There’s a subtle, almost uncomfortable parallel to be drawn here. The torrid time
of their skipper, marked by repeated, costly errors—own-goals, defensive missteps—can’t help but feel like a metaphor. It suggests an internal rot, a predisposition to self-sabotage rather than an overwhelming external threat. When a team concedes an average of four goals per game, when twelve of its competitors’ tallies were assisted, in a way, by an own-goal—it speaks volumes about something beyond mere bad luck. And it raises questions. Where is the national cohesion? Where’s that famous North African fighting spirit?

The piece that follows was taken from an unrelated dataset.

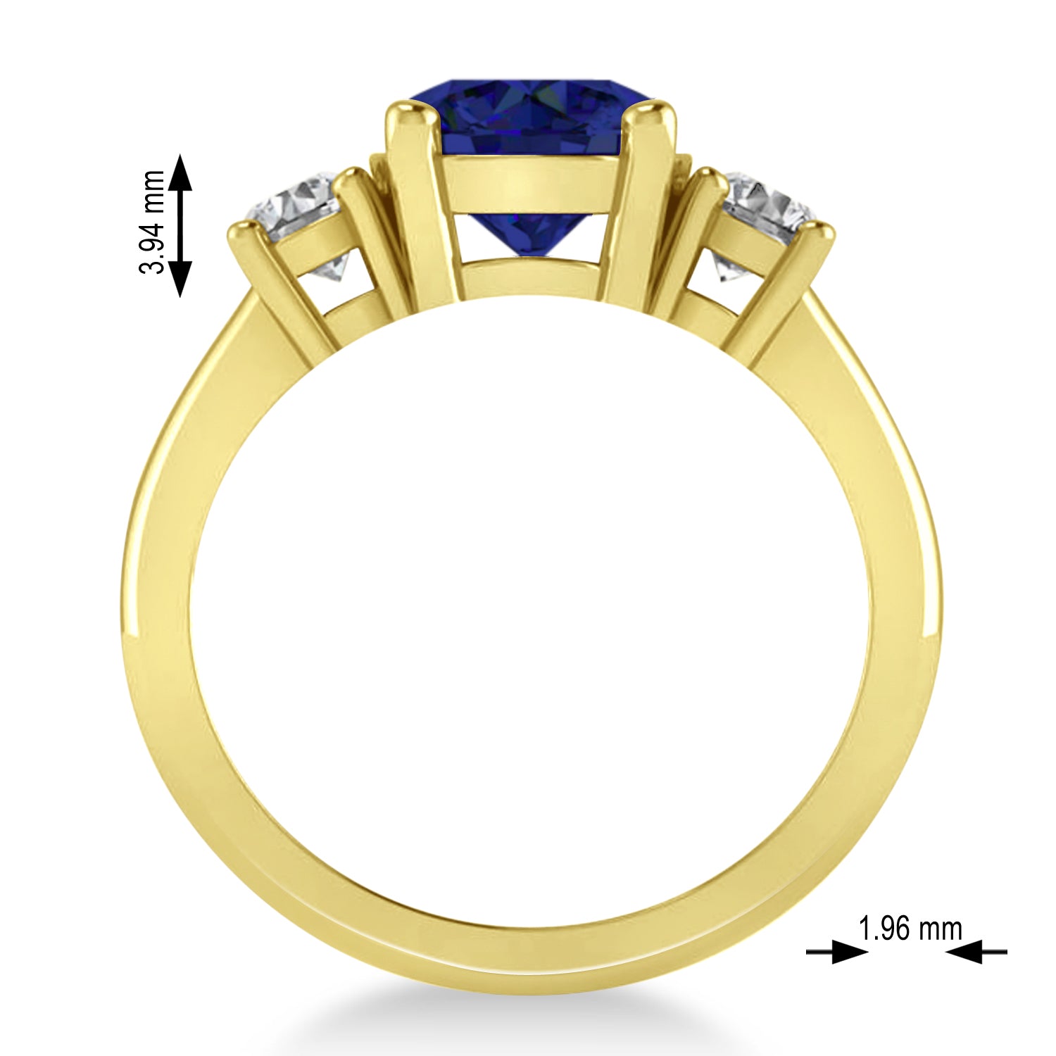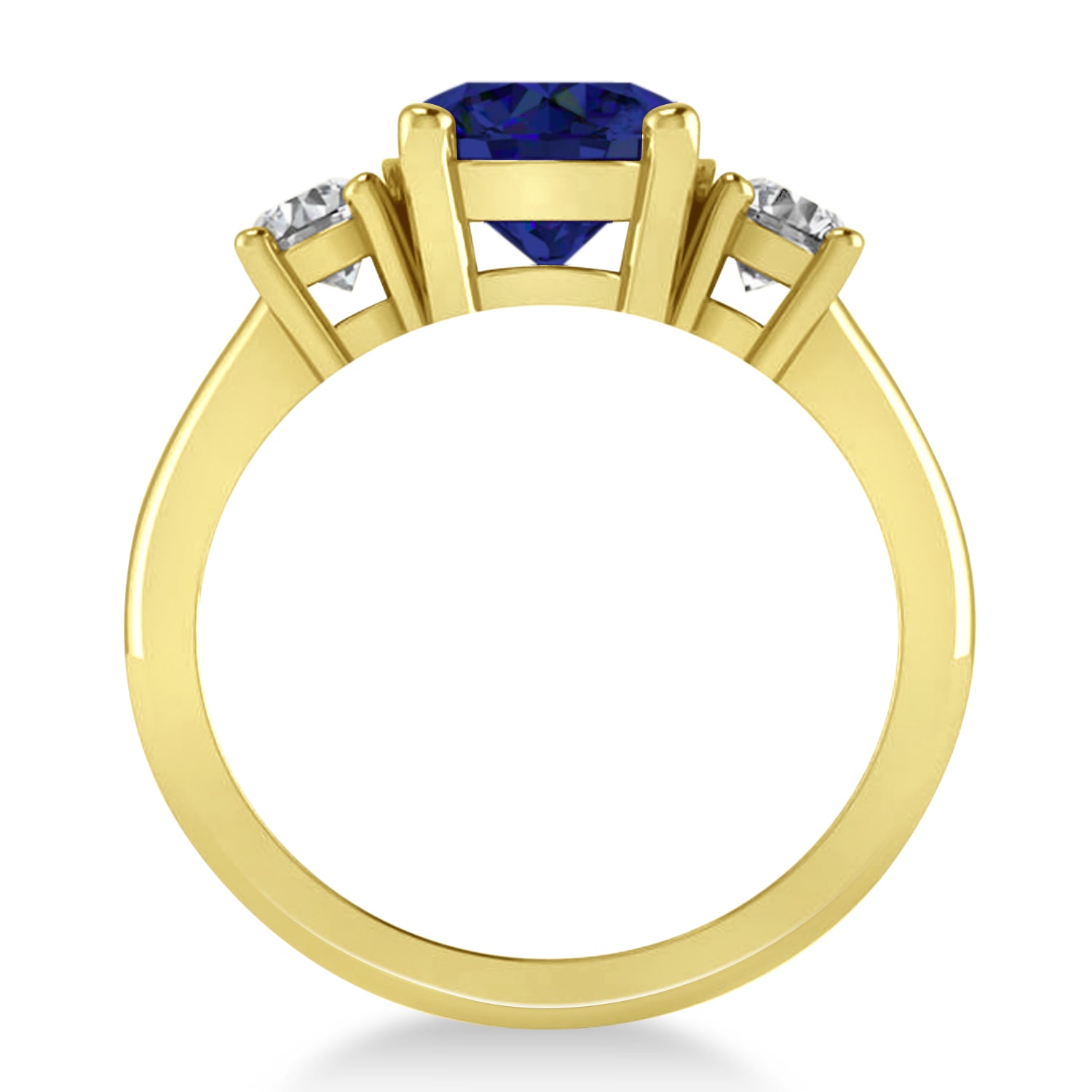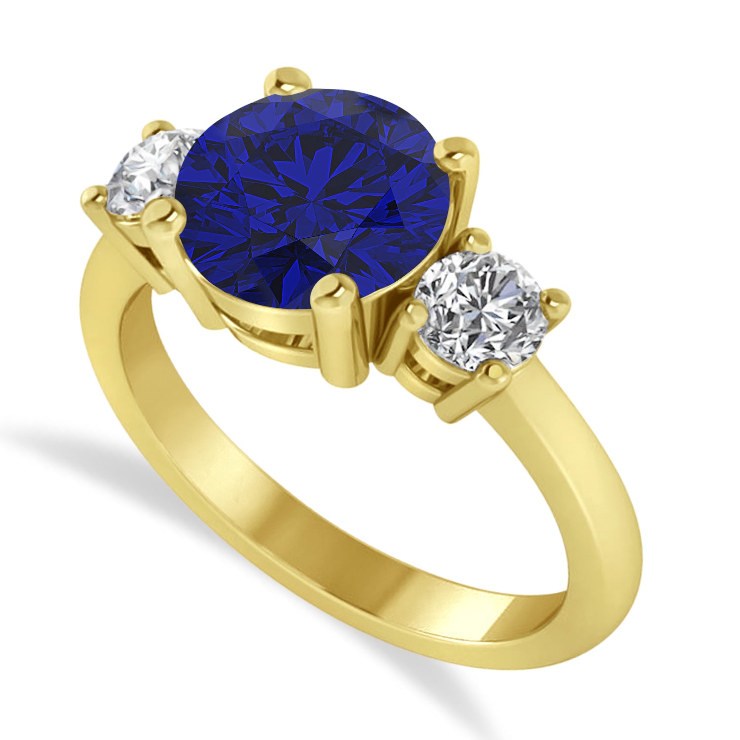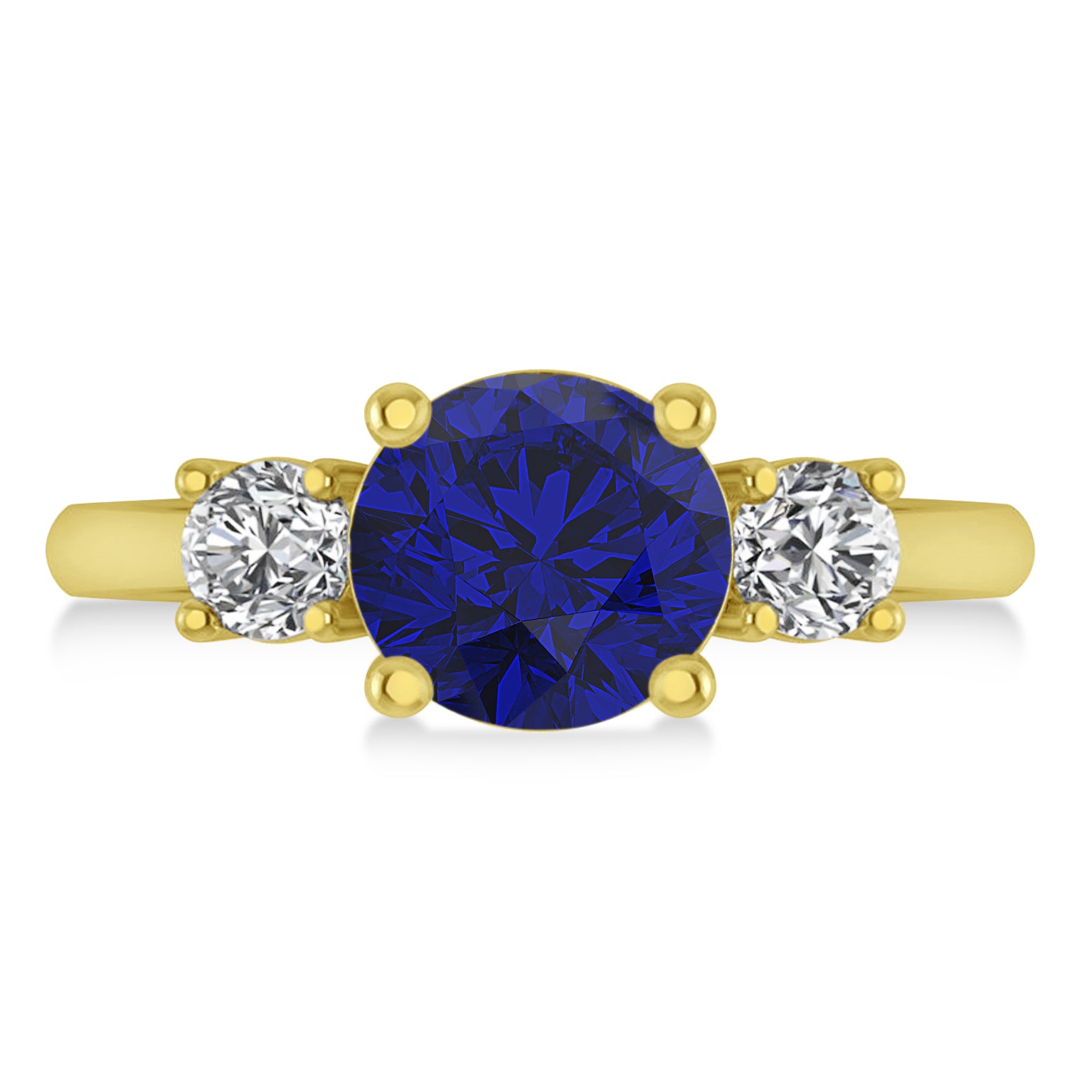 Round 3-Stone Blue Sapphire & Diamond Engagement Ring 14k Yellow Gold (2.50ct)

Because frankly, in regions like the Maghreb and indeed across wider swathes of the Muslim world, football success—or failure—isn’t merely a game. It’s a barometer. It’s an immediate, easily digestible measure of national pride, capacity, and even governance, particularly when leaders frequently seek to associate themselves with sporting triumphs. When the outcome is so unequivocally disastrous, with errors emanating from within the ranks, it doesn’t just deflate supporters. It chips away at a fragile collective confidence. One can only imagine the dinner table conversations in Islamabad, Lahore, or Kuala Lumpur, analyzing Tunisia’s collapse, and silently hoping their own nations might, someday, find a less painful way to announce themselves on the global stage. After all, the narrative of Asia’s investment darlings facing fickle futures isn’t so different in its underlying anxieties from a team facing an abrupt and inglorious end to its global aspirations.